Mi focalizzo qui su due temi di riforma che sono cari al dibattito italiano: le regole fiscali e l’obbiettivo di un bilancio comune dell’Unione. Varie riforme sono state proposte per modificare le regole fiscali. Fattore comune di molte di esse è la costatazione che una regola uniforme su deficit (3%) e debito (60%) non ha senso perché è irrilevante per l’analisi della sostenibilità del debito quando dovrebbe essere proprio questa analisi al centro di un sistema che miri a prevenire crisi sovrane all’interno dell’Unione. Tale sistema dovrebbe stabilire obbiettivi diversi per i singoli Paesi, obbiettivi che tengano conto della crescita potenziale, della qualità della spesa e vari altri elementi idiosincratici. Una riforma delle regole fiscali che preveda deviazioni dalle regole uniformi del deficit al 3% e del debito al 60% potrebbe essere adottata cambiando la legislazione secondaria e senza mettere mano ai Trattati.
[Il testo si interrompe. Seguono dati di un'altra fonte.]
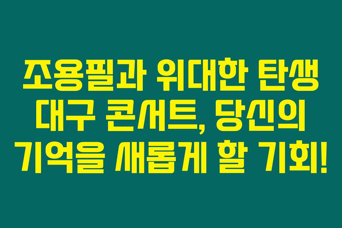 2024년 12월 21일, 전설이 다시 돌아옵니다. 조용필과 위대한 탄생의 대구 콘서트가 열리는데요, 이 특별한 순간을 놓치지 않기 위해 아래를 읽어보시면 다양한 정보를 얻으실 수 있습니다. 티켓 예매에 대한 팁과 함께 콘서트의 의미도 함께 알아보아요.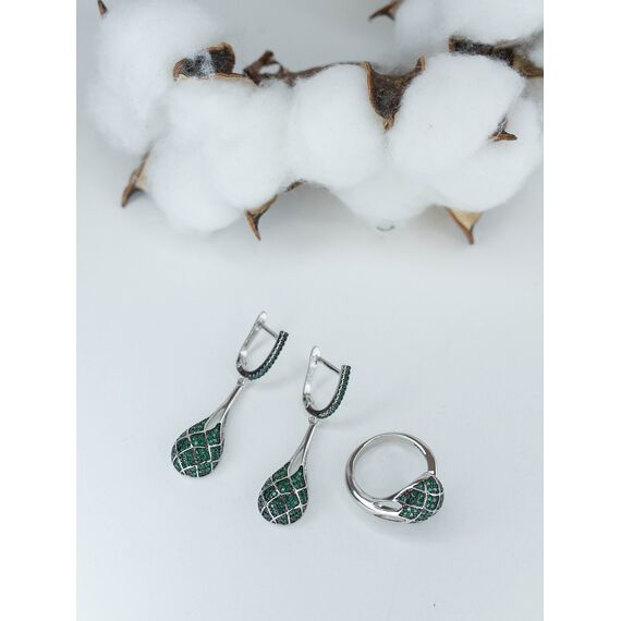 Комплект (серьги+кольцо) из гипоаллергенного ювелирного сплава серого цвета. Вставка- циркон, цвет- зеленый и черный. Высота серег--4,0см, ширина-1,3см. Застежка- английская (швенза-1,0см). Высота кольца-1,3см, ширина-2,0см. Размер-17,0.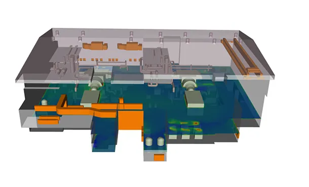 Simtec assessed the cooling and ventilation of two steam turbines at a power plant in Cyprus, focusing on the challenges posed by hot summers. Using Fluent's solar load model, the study simulated the worst-case thermal loads. The HVAC system's performance was evaluated, identifying temperature hot spots and areas of stagnant air. The results confirmed effective cooling without noise hazards, helping engineers avoid the need for additional fans, thus reducing costs.- Date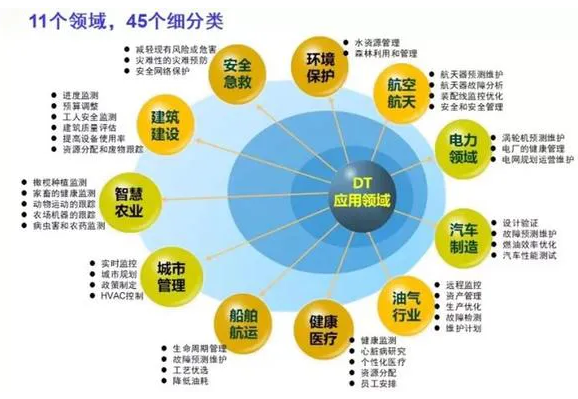 数字孪生技术在各个行业有广泛的应用场景。陶飞教授团队在《计算机集成制造系统》2018年第1期刊登的“数字孪生及其应用探索”一文中,归纳了14种应用场景,后来又在论文中介绍了数字孪生在航空航天、电力、汽车、石油天然气、健康医疗、船舶航运、城市管理、智慧农业、建筑建设、安全急救、环境保护等11个领域,45个细分类的应用。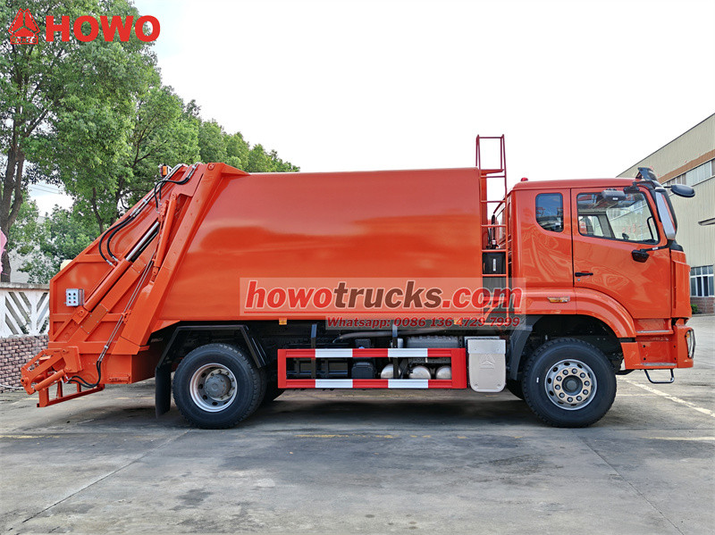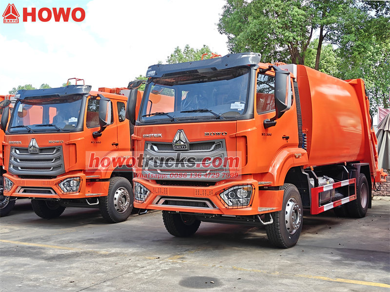 Caminhões compactadores de lixo HOWO de 15 m³ com carregamento traseiro, prontos para envio ao Oriente Médio.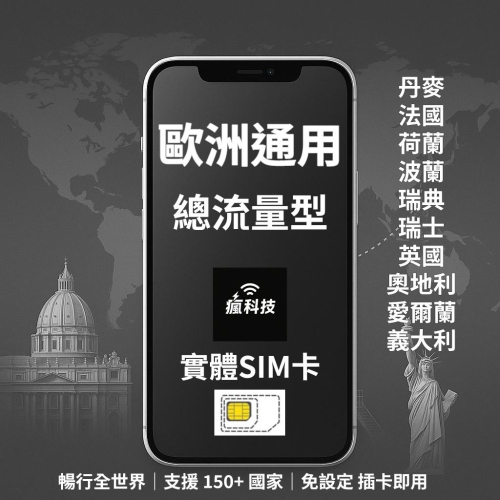瘋科技【全球旅遊上網wifi租借 / esim / 實體sim卡】歐洲10國網卡 實體SIM卡 丹麥 荷蘭 法國 波蘭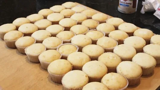 Step2Bake 20 to 25 minutes or until toothpick inserted in center comes out clean. Cool in pans 10 minutes; remove from pans to cooling racks. Cool completely, about 30 minutes. While 24 cupcakes are baking, make batter with remaining cake mix, water, oil and eggs. Repeat baking and cooling to make 24 more cupcakes.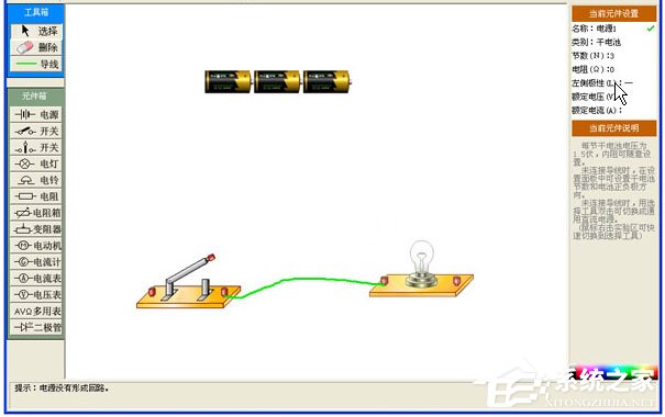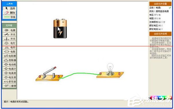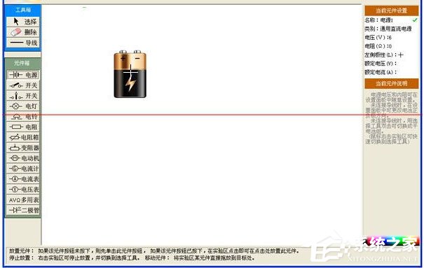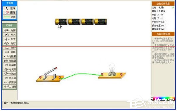 当电源未连接导线时,使用选择工具(用鼠标右击实验区空白处可快速切换到选择工具)双击电源就可以在通用直流电源或干电池组之间随意切换。如果想切换已连接导线的电源,则需先删除或挪开与此电源连接的导线才能切换。 干电池组节数可在设置面板中设置。

L’obbiettivo di un bilancio comune è più complesso. Il Ngeu è stato creato per rispondere alla pandemia, ma è uno strumento temporaneo e fuori bilancio. Creare un bilancio comune che possa essere usato ai fini di stabilizzazione ciclica o di supporto a investimenti in aree prioritarie, come per esempio la transizione climatica, non è possibile senza cambiare il Trattato. Ma questo non significa che l’Unione non possa dotarsi di uno strumento da usare in circostanze speciali.
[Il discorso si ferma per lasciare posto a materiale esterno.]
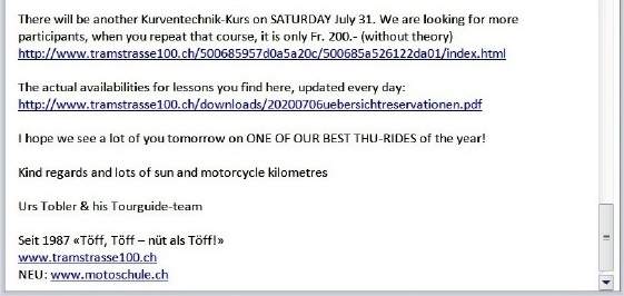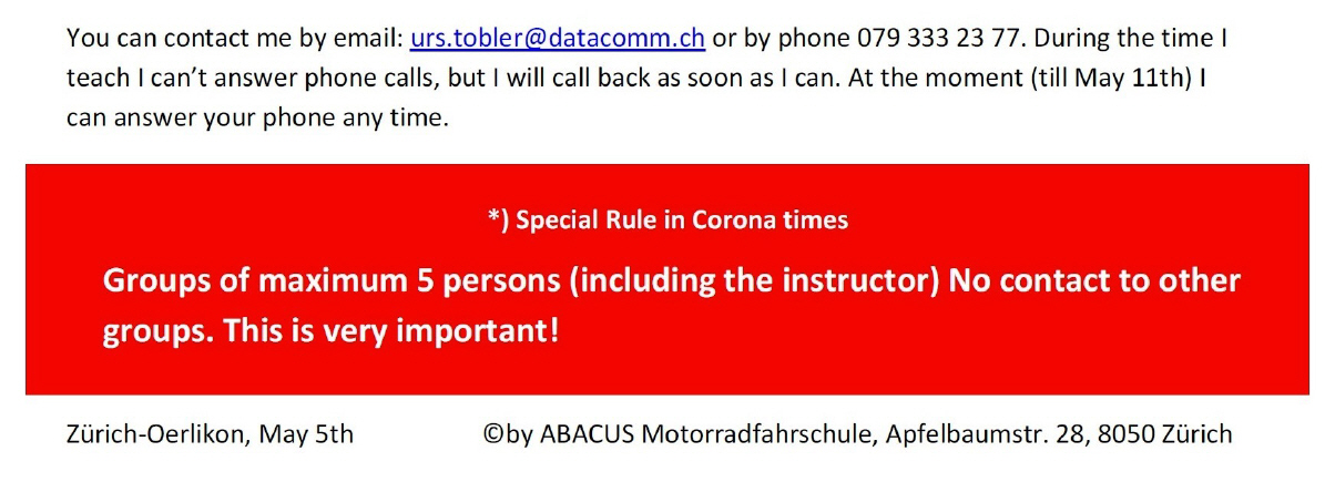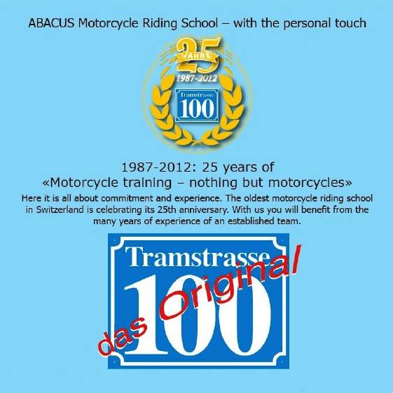 I often get E-mails from people who wants to learn to ride a motorcycle. As long as I don't know what is YOUR start, I can't give you the correct answer! In Switzerland the law gives just a small part what is mandatory, on a very poor level. But at the test, the examiner is sitting on your backseat as pillion-rider and he feels just everything! It is impossible to pass a test with only the mandatory part - I am specialised in motorcycles, since 1982 I am giving lessons in motorcycles: SINCE 1987 I DO NOTHING ELSE THAN THAT! «Töff, Töff - nüt als Töff!» So when you really want to learn properly how to ride a motorcycle, you are with me IN GOOD HANDS! There is nobody in the world who spent so many hours as a pillion-rider on the back of his student-riders, you can believe: About a third of the people learning with me are speaking English, people from all over the world! |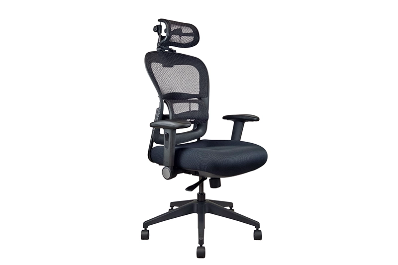 PUシートフォームデザインのメッシュバック、椅子シート、椅子背もたれ、ヘッドレスト、アームレスト、ランバーサポートに複数の調整可能な機能を備えた人間工学に基づいたオフィスチェア。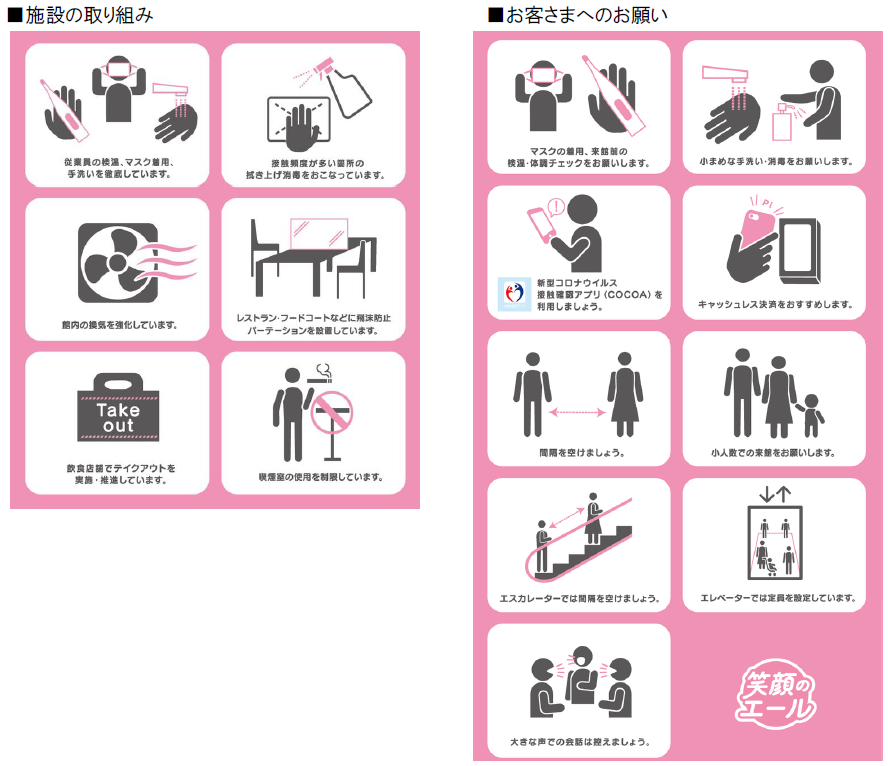 三井不動産グループが運営する商業施設では、新型コロナウイルス感染拡大防止のため下記をはじめとした様々な取り組みを実施しております。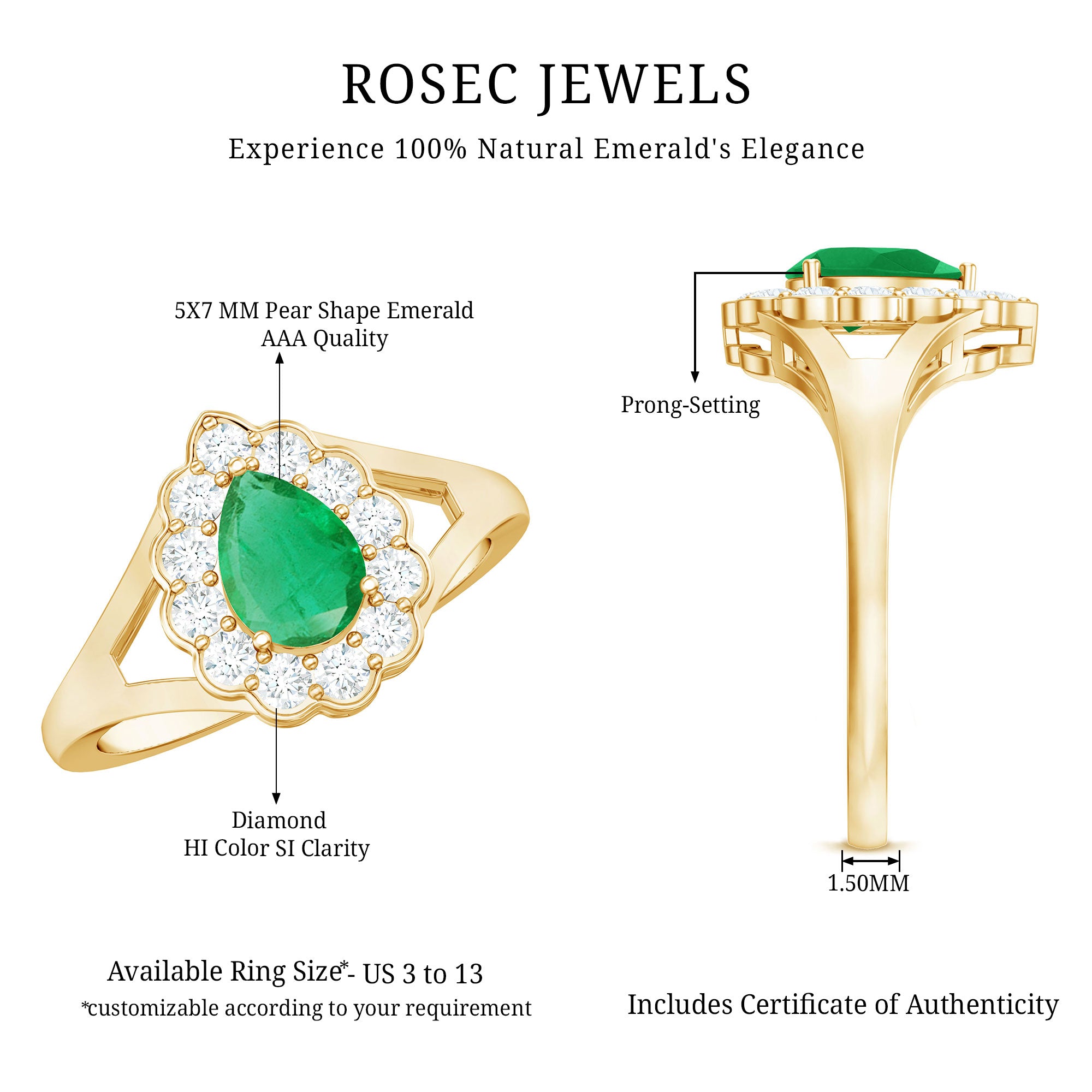 Introducing the ultimate Teardrop Engagement Ring for the woman who loves to make a bold and unforgettable impression. Featuring 5X7 mm pear shaped Emerald set at the center in a prong setting surrounded with round shape Diamonds as halo, that create a scintillating and luminous effect. Each piece is handmade to order, ensuring your ring is truly one of a kind. The Emerald Halo Ring is a stunning piece of jewelry that exudes elegance and sophistication. This Emerald Engagement Ring is known for its green hue that shimmers, making it unique, which is perfect for adding a touch of glamour to any outfit. The Pear Shape Emerald Ring is a versatile piece that can be dressed up or down, perfect for any occasion. Whether you are wearing it to a formal event or simply to add some sparkle to your everyday look, this Pear Shape Engagement Ring is sure to turn heads and make a statement. As a whisper of nature and a conversation starter, this May Birthstone Ring is a reflection of depth and colors to your story. Holding a universe rich in symbols and mysteries with mesmerizing colors. The AAA Quality Emerald and HI Color SI Clarity Diamonds radiate brilliance and fire.

L’esperienza Ngeu e i suoi fondamenti legali potrebbero servire a creare una capacità fiscale contingente permanente. Tale strumento dovrebbe essere attivato solo in circostanze definite ex-ante e attraverso procedure concordate. Queste circostanze, inoltre, dovrebbero essere definite in modo da garantire che questo nuovo strumento non funga da veicolo fuori bilancio, ma che abbia invece le caratteristiche di un meccanismo assicurativo. Sarebbe un grande passo avanti.
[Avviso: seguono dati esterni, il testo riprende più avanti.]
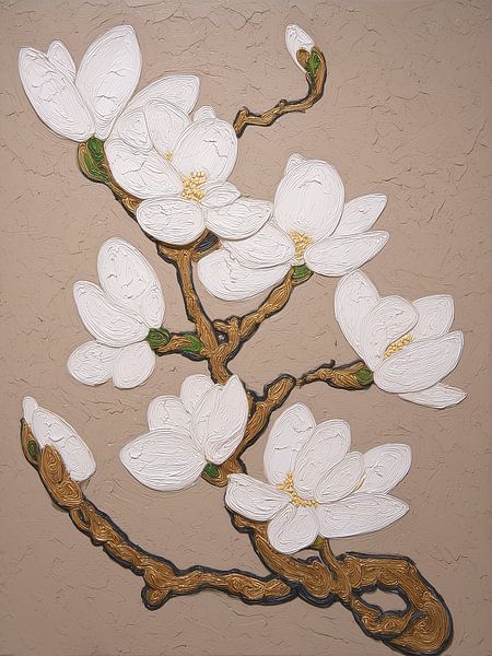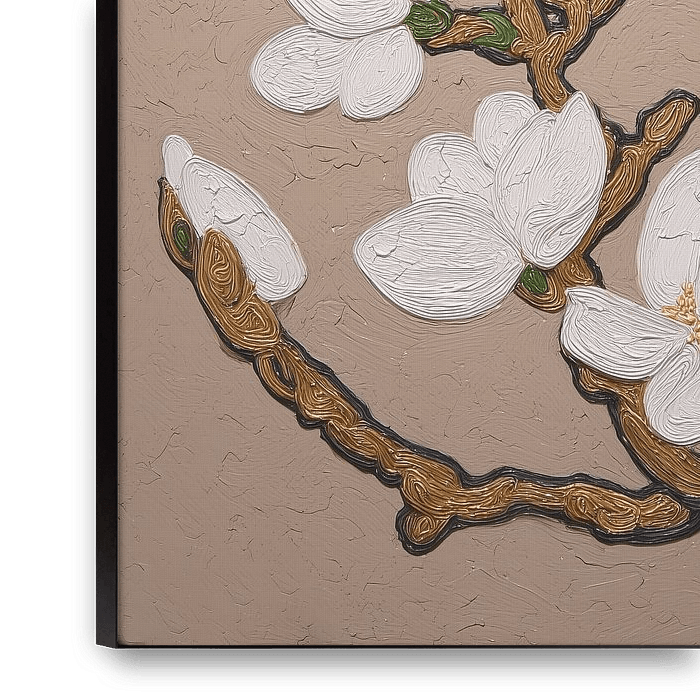 Buy this landscape artwork Magnolia in Relief – Timeless Blossom by Thea on canvas, ArtFrame, poster and wallpaper, printed on demand in high quality.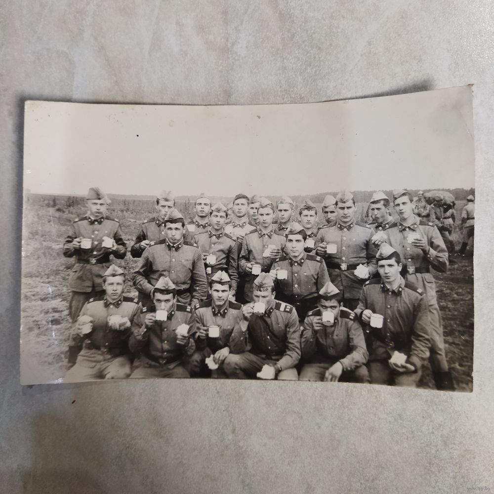 Фотография. История СССР в лицах. Солдаты Внутренних войск МВД СССР на "целине". Обед в поле.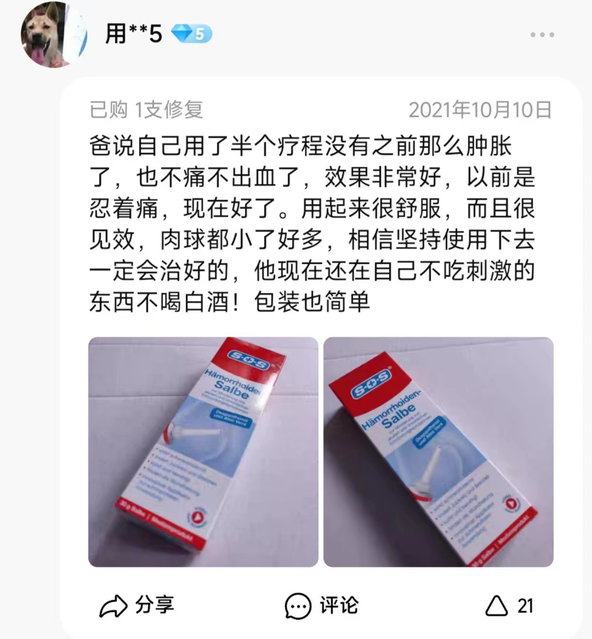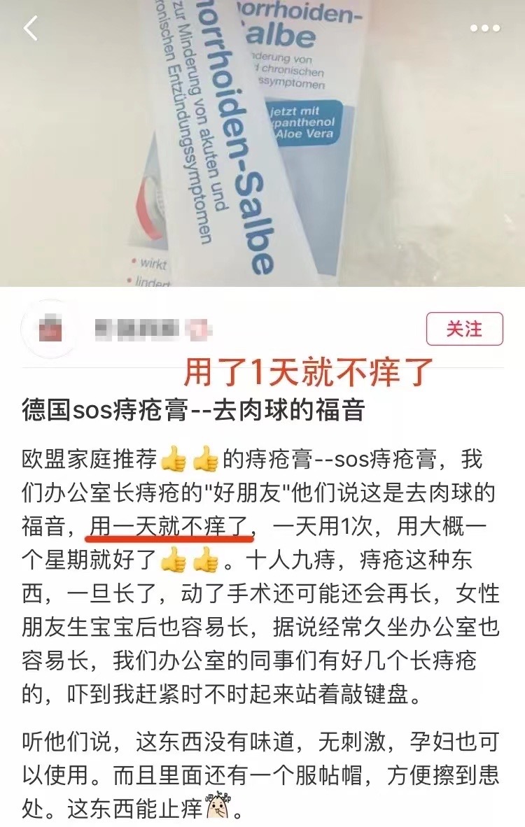 现在我们的救星来了——【德国SOS痔疮膏】

La nostra conclusione è stata che molto si può fare. Quello che impedisce all’Europa di attrezzarsi alle sfide di oggi è la mancanza di una comune volontà politica, non certo vincoli giuridici. Non chiarire l’esatto confine dell’impianto giuridico in relazione a ciò che si vuole fare, significa esporsi a rischi di legittimazione che minano l’efficacia delle politiche dell’Unione o, il che forse è anche peggio, significa posare un progetto così ambizioso come quello della costruzione dell’Unione, sulla cinica visione che le regole sono lì per imbrogliare i più sprovveduti, quando i più saggi sanno che è legittimo non rispettarle.

Fortunatamente molte regole possono essere cambiate senza cambiare il Trattato. Ma sfortunatamente l’integrazione europea è ancora immatura politicamente: non si cambiano le regole e ci si nasconde dietro la giustificazione del vincolo giuridico. Da questo punto di vista l’iniziativa Draghi-Macron alla quale si spera si aggreghi anche Scholz, è incoraggiante perché mette nelle mani della politica la leadership del processo di riforma.